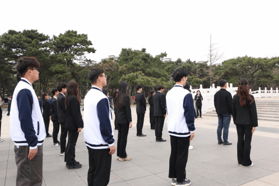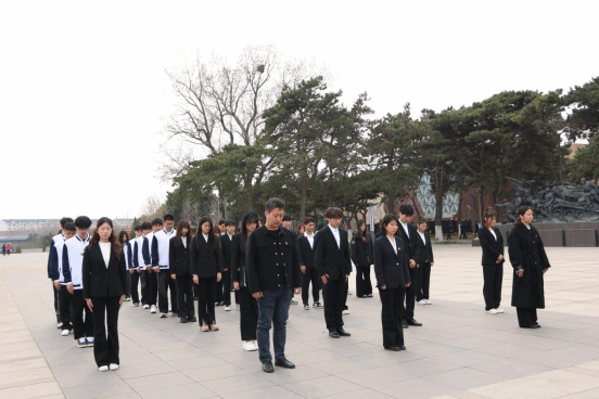 默哀仪式伊始,全体师生垂首肃立。三分钟默哀里,陵园静谧无声,唯有思绪穿越战火,向以热血捍卫和平的英雄致以最深沉的敬意。
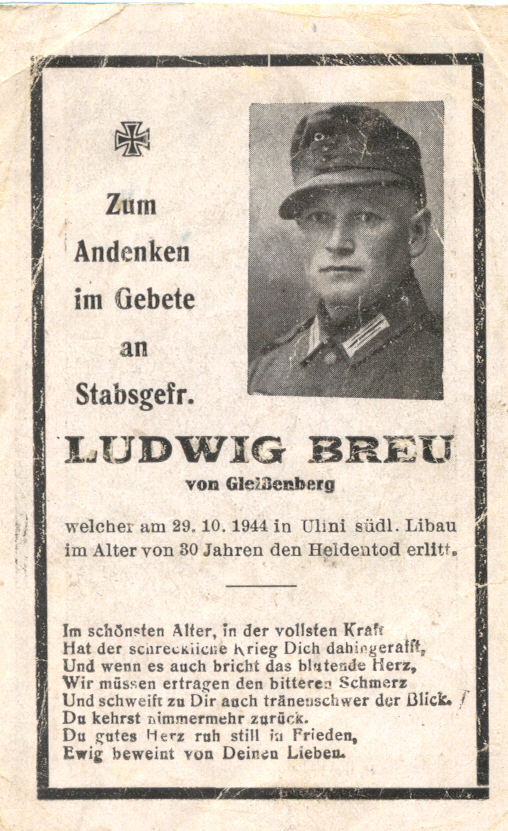 ![]() Ludwig Breu, Sterbebild, er war Knecht auf dem Engelhardt-Hof Rosshof 2 1/2 und stammte aus Gleissenberg
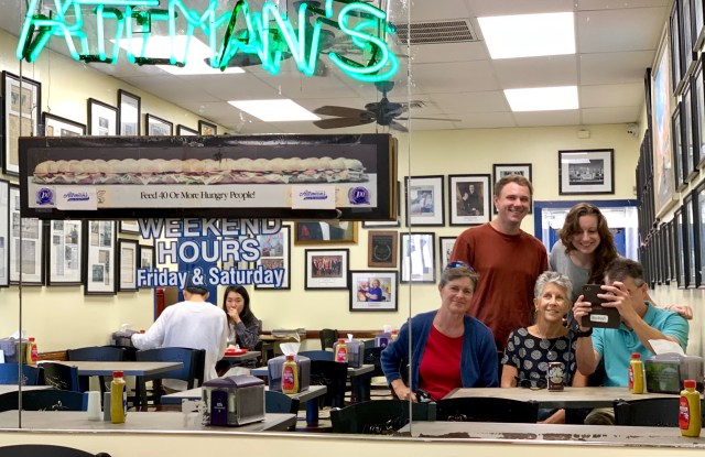 So – people too! And food, of course! Here are the five of us at Attman’s today at 11:52. Out of the five people in this photograph, only one is an enthusiastic photographer, and you’ll notice his obliviousness in blocking out his own face:
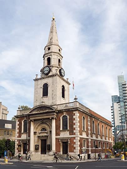 It is the Church of St George the Martyr, in the historic Borough district of Southwark, in South London. Specifically, it is on Borough High Street at the junction with Long Lane, Marshalsea Road, and Tabard Street. Here it is now:
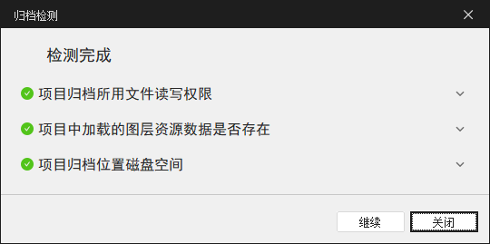 4、检测完成后,如果不符合,会展示出具体错误信息,并且不能继续归档,需要根据错误信息进行修改。如果全部符合,可点击“继续”进行归档。
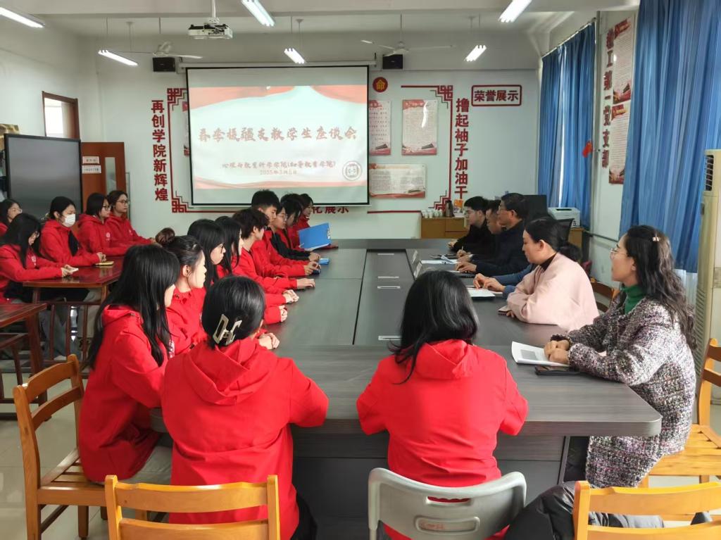 座谈会上,2024年秋季援疆支教员工代表2021级小学教育钟雨婷分享了援疆支教的工作和生活情况,畅谈了支教感想和切身感受。2025年春季援疆支教员工党员王志雯、退伍士兵宋嘉贺、少数民族员工张安琪分别发言,表达了他们对援疆支教的热切期待和坚定决心,将珍惜这次支教机会,磨砺学以致用、知行合一的能力本领,在援疆支教中锻造“请党放心、强国有我”的理想信念。
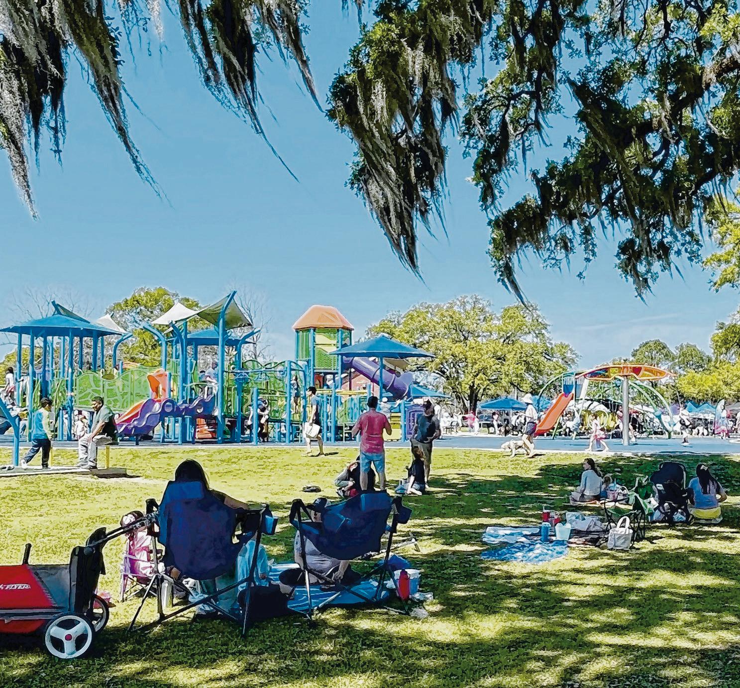 Families relax under the Youth Legacy Duplessis Park oak trees.
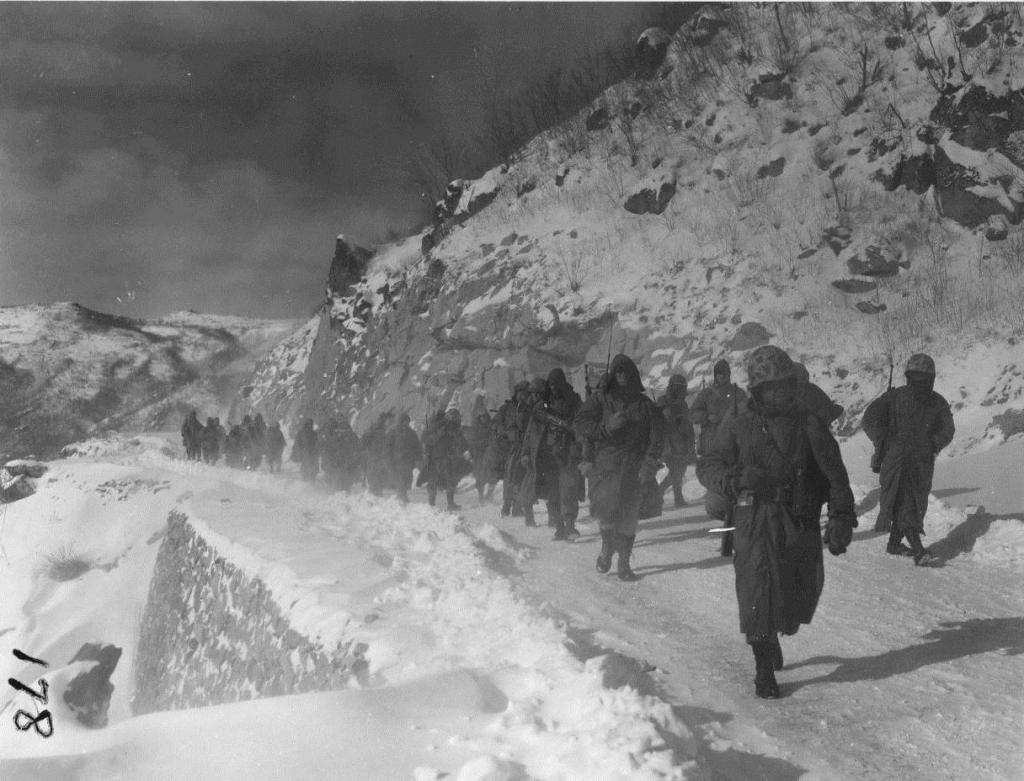 The Battle of Chosin Reservoir took place in the harsh and freezing winter of 1950, when the People’s Volunteer Army (PVA) of China entered the war to counter the presence of United Nations Command (UNC) troops in North Korea. The Chinese force, numbering around 120,000, launched a surprise attack on the US X Corps, an element of the larger UNC contingent, that was stationed near the Chosin Reservoir. The battle had become one of the toughest and most infamous battles for the U.S. Marine Corps since World War II. Fought over brutal mountain terrain and extreme cold weather in North Korea, tempertures had reached -36 degrees Fahrenheit causing frostbite casualties.
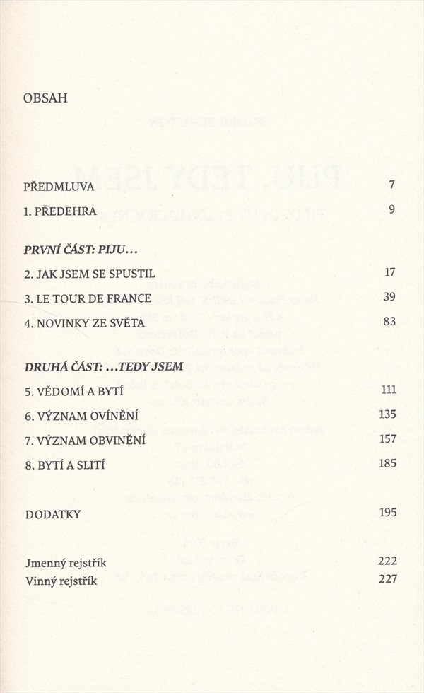| Autor | Roger Scruton ; z anglického originálu ... I drink therefore I am ... přeložila Pavla Doležalová |

========================================

In the listing above, find the line holding "stammte aus Gleissenberg" and the line holding "4、检测完成后,如果不符合,会展示出具体". Reproduce those two lines and all between them exactly, leaving out pictures.

Reply to the task:
 ![]() Ludwig Breu, Sterbebild, er war Knecht auf dem Engelhardt-Hof Rosshof 2 1/2 und stammte aus Gleissenberg
 So – people too! And food, of course! Here are the five of us at Attman’s today at 11:52. Out of the five people in this photograph, only one is an enthusiastic photographer, and you’ll notice his obliviousness in blocking out his own face:
 It is the Church of St George the Martyr, in the historic Borough district of Southwark, in South London. Specifically, it is on Borough High Street at the junction with Long Lane, Marshalsea Road, and Tabard Street. Here it is now:
 4、检测完成后,如果不符合,会展示出具体错误信息,并且不能继续归档,需要根据错误信息进行修改。如果全部符合,可点击“继续”进行归档。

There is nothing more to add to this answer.